Print, exactly as they stand, the lines below from the one that has "q2 quart Crow" to the one that has "1、玩家进入游戏后,最先迎来", inclusive, leaving out the pictures.

Exercise inputs »
*****

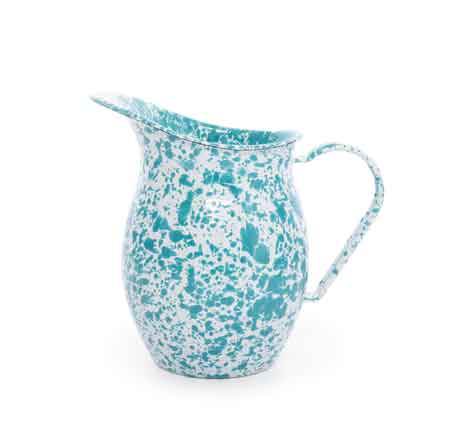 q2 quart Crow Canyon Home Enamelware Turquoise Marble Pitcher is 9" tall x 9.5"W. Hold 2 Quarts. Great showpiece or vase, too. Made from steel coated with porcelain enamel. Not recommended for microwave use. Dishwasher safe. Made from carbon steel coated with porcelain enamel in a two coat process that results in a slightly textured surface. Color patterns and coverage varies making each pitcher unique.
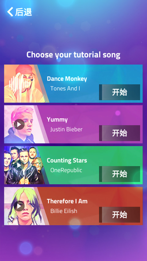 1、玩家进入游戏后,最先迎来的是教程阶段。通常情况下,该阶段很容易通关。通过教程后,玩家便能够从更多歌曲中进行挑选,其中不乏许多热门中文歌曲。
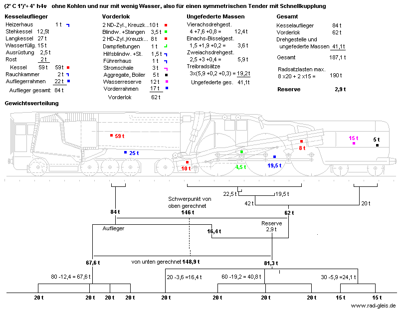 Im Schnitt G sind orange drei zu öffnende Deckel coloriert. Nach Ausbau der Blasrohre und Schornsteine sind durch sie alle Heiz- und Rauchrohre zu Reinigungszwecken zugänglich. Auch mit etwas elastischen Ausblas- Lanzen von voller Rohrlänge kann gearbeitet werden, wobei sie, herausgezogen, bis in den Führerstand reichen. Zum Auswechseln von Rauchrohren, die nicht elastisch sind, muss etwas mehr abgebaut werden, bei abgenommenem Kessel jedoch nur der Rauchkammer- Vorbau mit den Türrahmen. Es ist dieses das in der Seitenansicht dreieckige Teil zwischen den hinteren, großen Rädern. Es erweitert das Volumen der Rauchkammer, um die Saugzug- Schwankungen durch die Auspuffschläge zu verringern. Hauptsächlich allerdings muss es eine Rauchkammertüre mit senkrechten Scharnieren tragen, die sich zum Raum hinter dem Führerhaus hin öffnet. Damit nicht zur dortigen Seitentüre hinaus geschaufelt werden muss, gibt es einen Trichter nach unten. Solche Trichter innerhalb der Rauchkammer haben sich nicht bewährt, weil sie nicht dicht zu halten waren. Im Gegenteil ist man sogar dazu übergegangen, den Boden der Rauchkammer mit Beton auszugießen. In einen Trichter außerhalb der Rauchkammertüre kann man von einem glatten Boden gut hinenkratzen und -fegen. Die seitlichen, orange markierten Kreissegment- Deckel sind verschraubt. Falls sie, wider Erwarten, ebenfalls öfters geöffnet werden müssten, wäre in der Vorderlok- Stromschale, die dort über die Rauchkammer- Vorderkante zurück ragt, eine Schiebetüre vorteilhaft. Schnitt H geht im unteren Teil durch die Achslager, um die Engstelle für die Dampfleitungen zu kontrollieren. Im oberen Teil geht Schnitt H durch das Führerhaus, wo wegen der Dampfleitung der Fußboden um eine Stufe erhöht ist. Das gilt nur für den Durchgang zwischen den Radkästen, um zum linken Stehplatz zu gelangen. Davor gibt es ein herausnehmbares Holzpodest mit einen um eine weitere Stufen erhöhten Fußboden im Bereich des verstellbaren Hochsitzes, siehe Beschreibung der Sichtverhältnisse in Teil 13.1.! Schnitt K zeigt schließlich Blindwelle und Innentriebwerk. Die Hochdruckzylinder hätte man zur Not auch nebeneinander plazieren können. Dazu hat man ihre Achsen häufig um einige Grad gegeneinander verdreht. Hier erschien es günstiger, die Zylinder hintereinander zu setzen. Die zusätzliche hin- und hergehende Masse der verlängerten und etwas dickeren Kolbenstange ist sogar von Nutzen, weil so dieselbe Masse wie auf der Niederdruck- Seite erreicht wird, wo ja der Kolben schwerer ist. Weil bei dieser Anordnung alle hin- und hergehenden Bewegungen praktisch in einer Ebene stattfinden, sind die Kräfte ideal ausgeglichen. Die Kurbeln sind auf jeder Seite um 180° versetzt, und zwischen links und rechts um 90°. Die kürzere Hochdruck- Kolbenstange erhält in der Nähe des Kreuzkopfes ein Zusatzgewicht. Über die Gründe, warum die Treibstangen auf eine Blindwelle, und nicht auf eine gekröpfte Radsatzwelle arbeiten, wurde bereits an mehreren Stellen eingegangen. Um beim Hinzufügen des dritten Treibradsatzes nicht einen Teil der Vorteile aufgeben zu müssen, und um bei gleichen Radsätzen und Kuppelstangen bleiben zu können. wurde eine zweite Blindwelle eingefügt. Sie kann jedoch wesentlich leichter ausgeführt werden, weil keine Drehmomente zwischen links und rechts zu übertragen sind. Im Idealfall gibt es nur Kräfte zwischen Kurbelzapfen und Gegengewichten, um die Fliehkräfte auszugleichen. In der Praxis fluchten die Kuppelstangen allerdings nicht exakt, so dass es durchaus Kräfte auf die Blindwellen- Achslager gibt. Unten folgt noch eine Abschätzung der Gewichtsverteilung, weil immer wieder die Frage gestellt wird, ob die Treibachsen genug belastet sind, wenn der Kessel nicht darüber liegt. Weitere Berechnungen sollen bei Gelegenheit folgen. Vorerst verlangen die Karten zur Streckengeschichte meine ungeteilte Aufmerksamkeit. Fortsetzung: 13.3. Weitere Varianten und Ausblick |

*****

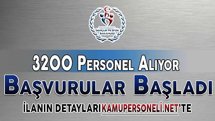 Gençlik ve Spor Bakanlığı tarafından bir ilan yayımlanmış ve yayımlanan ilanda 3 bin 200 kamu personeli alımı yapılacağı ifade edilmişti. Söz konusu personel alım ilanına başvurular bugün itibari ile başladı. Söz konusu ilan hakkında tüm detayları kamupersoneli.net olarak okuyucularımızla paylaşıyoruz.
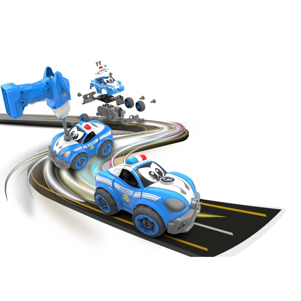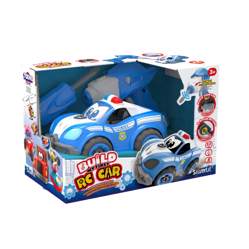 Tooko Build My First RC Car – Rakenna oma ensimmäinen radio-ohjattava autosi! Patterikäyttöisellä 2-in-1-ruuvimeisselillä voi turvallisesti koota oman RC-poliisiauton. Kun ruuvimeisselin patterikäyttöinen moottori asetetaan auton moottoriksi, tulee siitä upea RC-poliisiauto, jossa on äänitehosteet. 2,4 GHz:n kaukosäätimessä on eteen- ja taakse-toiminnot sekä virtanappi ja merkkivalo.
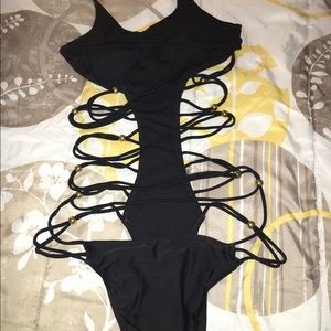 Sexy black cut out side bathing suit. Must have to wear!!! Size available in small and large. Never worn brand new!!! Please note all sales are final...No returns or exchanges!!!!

*****

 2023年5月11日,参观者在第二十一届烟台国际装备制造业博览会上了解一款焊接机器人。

*****

Result of this exercise »
 q2 quart Crow Canyon Home Enamelware Turquoise Marble Pitcher is 9" tall x 9.5"W. Hold 2 Quarts. Great showpiece or vase, too. Made from steel coated with porcelain enamel. Not recommended for microwave use. Dishwasher safe. Made from carbon steel coated with porcelain enamel in a two coat process that results in a slightly textured surface. Color patterns and coverage varies making each pitcher unique.
 1、玩家进入游戏后,最先迎来的是教程阶段。通常情况下,该阶段很容易通关。通过教程后,玩家便能够从更多歌曲中进行挑选,其中不乏许多热门中文歌曲。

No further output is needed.